_REQUIRED WORK_
A faithful copy of the listing below is needed, one that contains no pictures.

_AVAILABLE DATA_
━━━━
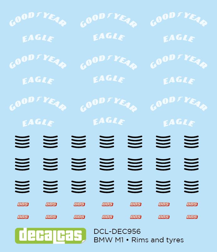 option of separately purchasing the decal sheet with the Goodyear logos for the tires, the BBS logos for the rims, and the decorative ones for the turbofans.
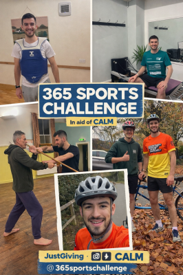 Jacob Vahey has set himself the task of completing 365 different sports in 365 days, all in aid of CALM (Campaign Against Living Miserably), a leading charity working (Charity number: 1110621) to prevent suicide and support people who are struggling.
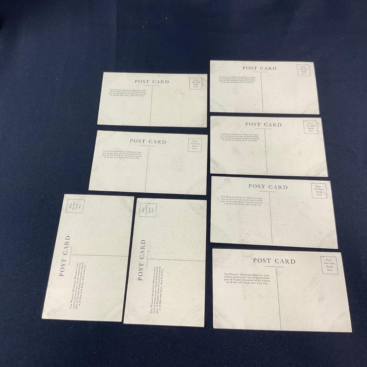 Eight vintage black and white Roosevelt house photo postcards. Please see photos for details and condition. Any condition statement is given as a courtesy to a client, is an opinion, and should not be treated as a statement of fact. Reference to condition written, oral or within a condition report shall not be regarded as a full account of condition and may not include all defects, alterations, or restorations. Absence of a condition report does not imply a lot is flawless or lacking imperfections or damage. Katherine’s Auction & Appraisal Service shall have no responsibility for any error or omission. Returns shall not be accepted on the basis of condition. ::: Shipping is available on this lot. If you require shipping you must let us know at the close of the auction. We will coordinate with you after the item has been won. Shipping fees will include insurance up to or exceeding the value of all items being mailed. If you have any questions regarding this lot please contact the auctioneer either via this website, by direct email or by phone. PICK UP TIMES and other important information can be found in the TERMS and DESCRIPTION of the auction. Please take a look for pertinent information. Thanks!
━━━━
_ANSWER BELOW_
 option of separately purchasing the decal sheet with the Goodyear logos for the tires, the BBS logos for the rims, and the decorative ones for the turbofans.
 Jacob Vahey has set himself the task of completing 365 different sports in 365 days, all in aid of CALM (Campaign Against Living Miserably), a leading charity working (Charity number: 1110621) to prevent suicide and support people who are struggling.
 Eight vintage black and white Roosevelt house photo postcards. Please see photos for details and condition. Any condition statement is given as a courtesy to a client, is an opinion, and should not be treated as a statement of fact. Reference to condition written, oral or within a condition report shall not be regarded as a full account of condition and may not include all defects, alterations, or restorations. Absence of a condition report does not imply a lot is flawless or lacking imperfections or damage. Katherine’s Auction & Appraisal Service shall have no responsibility for any error or omission. Returns shall not be accepted on the basis of condition. ::: Shipping is available on this lot. If you require shipping you must let us know at the close of the auction. We will coordinate with you after the item has been won. Shipping fees will include insurance up to or exceeding the value of all items being mailed. If you have any questions regarding this lot please contact the auctioneer either via this website, by direct email or by phone. PICK UP TIMES and other important information can be found in the TERMS and DESCRIPTION of the auction. Please take a look for pertinent information. Thanks!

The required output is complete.